Posted: Wed Feb 17, 2010 11:14 am
by Chandrathdsx
Hi,
I am doing a full outer join of two tables with table1 has 20million records and table2 has 1000million records. [Production data volumes]
Job Design:
SrcTbl1--->Join(with hash and sort by join keys) -->Transformer-->Tgt Tbl
|
SrcTbl2 ------
I have only one scratch disk with 35GB of space.
Please suggest if this is a right thing to do considering the fact that huge volume of data?
-What are my implecations -- will I run out of scatch space (the appserver is unix)?
-How do you monitor the usage of scratch space while the job is running? [any unix commands to monitor?]
-Is there a way to spit the records out to 'Trasformer' and subsequently to Tgt Table instead of waiting for all records to be joined to free up scratch space? Any environment variables set-up?
-Would it help if I use a multi-node configuration?
-Or do I need to consider alternative using custom SQL to join the tables in a SQL.

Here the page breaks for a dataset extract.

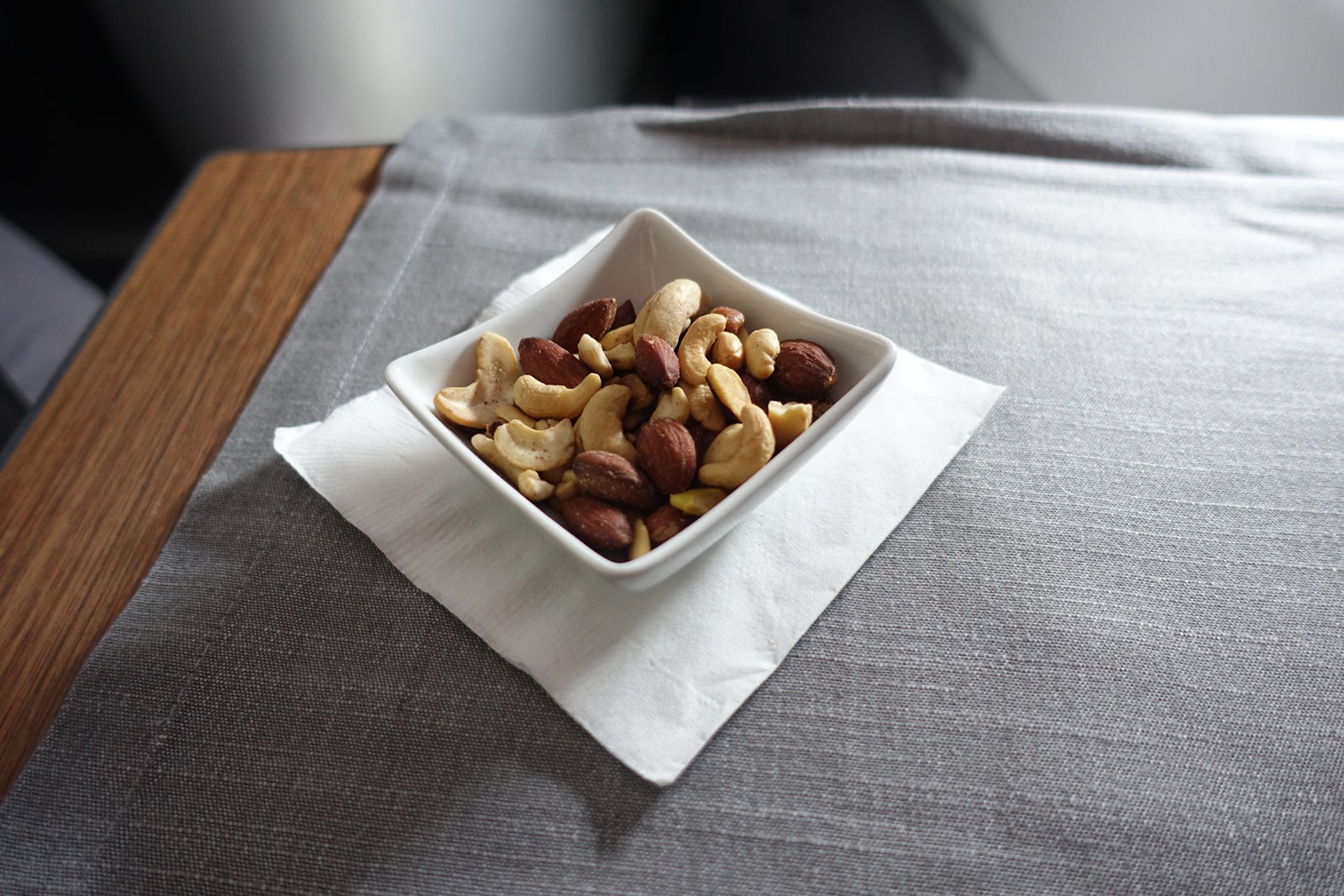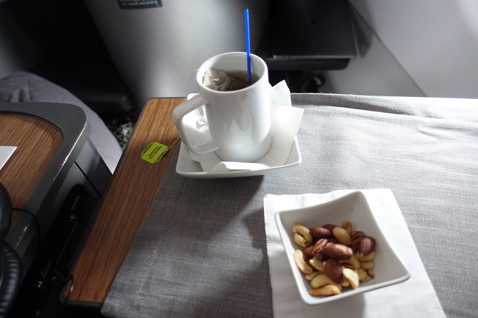 At half past noon San Francisco time, cloth placemats were laid on the tray tables, and a pleasantly warm appetizer of mixed nuts was served. I asked for green tea with sugar, which was promptly brought. I hope in Flagship First they had real spoons, though, not the wasteful and ugly plastic stirrers we got in biz.

Any help is highly appreciated.

Thank you!

Re: Join of tables with huge volume of data - scratch space

Posted: Wed Feb 17, 2010 11:40 am
by ArndW
Once your data for left and right parts of join is sorted on the join keys then your job won't need excessive amounts of scratch space. It will need scratch space for sorting. You didn't mention how many Mb/Gb your two data tables are.

Posted: Wed Feb 17, 2010 11:07 pm
by keshav0307
for large volume of data to join, more number of nodes.

can you post the content of configuration your are using for this job?

Posted: Thu Feb 18, 2010 10:53 am
by Chandrathdsx
keshav0307 wrote:for large volume of data to join, more number of nodes.

can you post the content of configuration your are using for this job?
Here is my max 4x4 config (total 8 nodes): but pls note that we have only one scratchdisk with 35GB.
{
node "node1"
{
fastname "ds01lp01"
pools ""
resource disk "/DSproj/dev/Datasets" {pools ""}
resource scratchdisk "/DSproj/dev/Scratch" {pools ""}
}
node "node2"
{
fastname "ds01lp01"
pools ""
resource disk "/DSproj/dev/Datasets" {pools ""}
resource scratchdisk "/DSproj/dev/Scratch" {pools ""}
}
node "node3"
{
fastname "ds01lp01"
pools ""
resource disk "/DSproj/dev/Datasets" {pools ""}
resource scratchdisk "/DSproj/dev/Scratch" {pools ""}
}
node "node4"
{
fastname "ds01lp01"
pools ""
resource disk "/DSproj/dev/Datasets" {pools ""}
resource scratchdisk "/DSproj/dev/Scratch" {pools ""}
}
node "node5"
{
fastname "ds01lp02"
pools ""
resource disk "/DSproj/dev/Datasets" {pools ""}
resource scratchdisk "/DSproj/dev/Scratch" {pools ""}
}
node "node6"
{
fastname "ds01lp02"
pools ""
resource disk "/DSproj/dev/Datasets" {pools ""}
resource scratchdisk "/DSproj/dev/Scratch" {pools ""}
}
node "node7"
{
fastname "ds01lp02"
pools ""
resource disk "/DSproj/dev/Datasets" {pools ""}
resource scratchdisk "/DSproj/dev/Scratch" {pools ""}
}
node "node8"
{
fastname "ds01lp02"
pools ""
resource disk "/DSproj/dev/Datasets" {pools ""}
resource scratchdisk "/DSproj/dev/Scratch" {pools ""}

}

Thanks for reply.

Posted: Thu Feb 18, 2010 11:23 am
by ArndW
Unless your Database is partitioned, going for more nodes in your configuration file is not going to make a positive difference.

So far the only size you've mentioned is the 35Gb of scratch. Since we have no idea of the sizes of the two data sources it is impossible to make any suggestions or prognostications.

Posted: Thu Feb 18, 2010 11:38 am
by Sreenivasulu
Hi ArndW,
Is it table partition or index partition in oracle ?
Since i have not heard of database partition. I may be wrong here

Regards
Sreeni

Posted: Thu Feb 18, 2010 3:31 pm
by Chandrathdsx
ArndW wrote:Unless your Database is partitioned, going for more nodes in your configuration file is not going to make a positive difference.
ArndW,
So far the only size you've mentioned is the 35Gb of scratch. Since we have no idea of the sizes of the two data sources it is impossible to make any suggestions or prognostications.
Here are some details based on production volume estimates:
The source table1: 20 million = 5 gb [data size]
The source table2: 1000 million = around 250gb [data size]

both source tables are Teradata.

Pleae let me know if you need any details.

Please confirm me does it needs 255gb of scratch space to join this data in datastage with this full volume? I can not test this with full volume of data in development, but do not want to design some thing that may fail in production..

Thank you for all your help and suggest me with options..

Posted: Sun Feb 28, 2010 9:23 pm
by Chandrathdsx
Any suggestions on this please?

Thank you!

Posted: Sun Feb 28, 2010 10:23 pm
by hamzaqk
If i were you i would do it in by writing a SQL for the join in teradata.